To determine whether stroke patients who suffer from hemispatial neglect tend to stay in hospitals longer because they are prone to limb spasticity.
Retrospective analysis of inpatient medical notes.
Inpatient neurorehabilitation unit of a regional UK teaching hospital.
All patients (N=106) admitted to the neurorehabilitation unit between 2008 and 2010 who had suffered a stroke, as confirmed by computed tomography or magnetic resonance imaging.
Not applicable.
Statistical coincidence of hemispatial neglect and spasticity; length of hospital stay.

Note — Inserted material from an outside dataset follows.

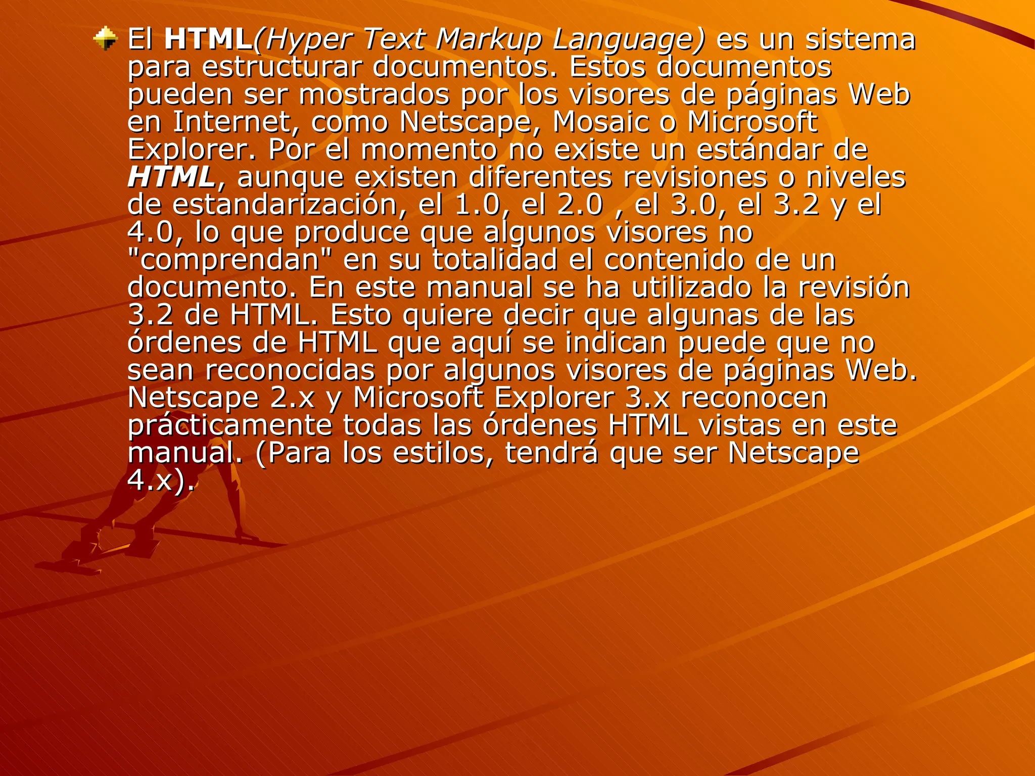 El documento explica que HTML es un lenguaje de marcado que se usa para estructurar documentos que se muestran en páginas web. Describe los elementos básicos de HTML como etiquetas, atributos y la estructura general de un documento HTML, incluyendo la cabecera, cuerpo y etiquetas como <title>, <head>, <body>. También explica cómo agregar formato al texto y fondo usando atributos como bgcolor, link y vlink.

Chi-square analyses indicated that individuals with left neglect were nearly one third more likely to develop spasticity than those without neglect (87% vs 57%), while nearly one half of those with left-sided spasticity showed neglect (44% vs 13%). Individuals with neglect stayed in the hospital 45 days longer than those without neglect, but the presence or absence of spasticity did not affect length of stay.
The results provide the first statistical evidence, to the best of our knowledge, that neglect and limb spasticity tend to co-occur poststroke, though it is only the former that significantly prolongs stay. Diagnostic value aside, these results are important because they tell us that the treatment of neglect should not be overshadowed by efforts to reduce comorbid spasticity. Despite its poor prognosis, hemispatial neglect continues to receive little targeted therapy in some units.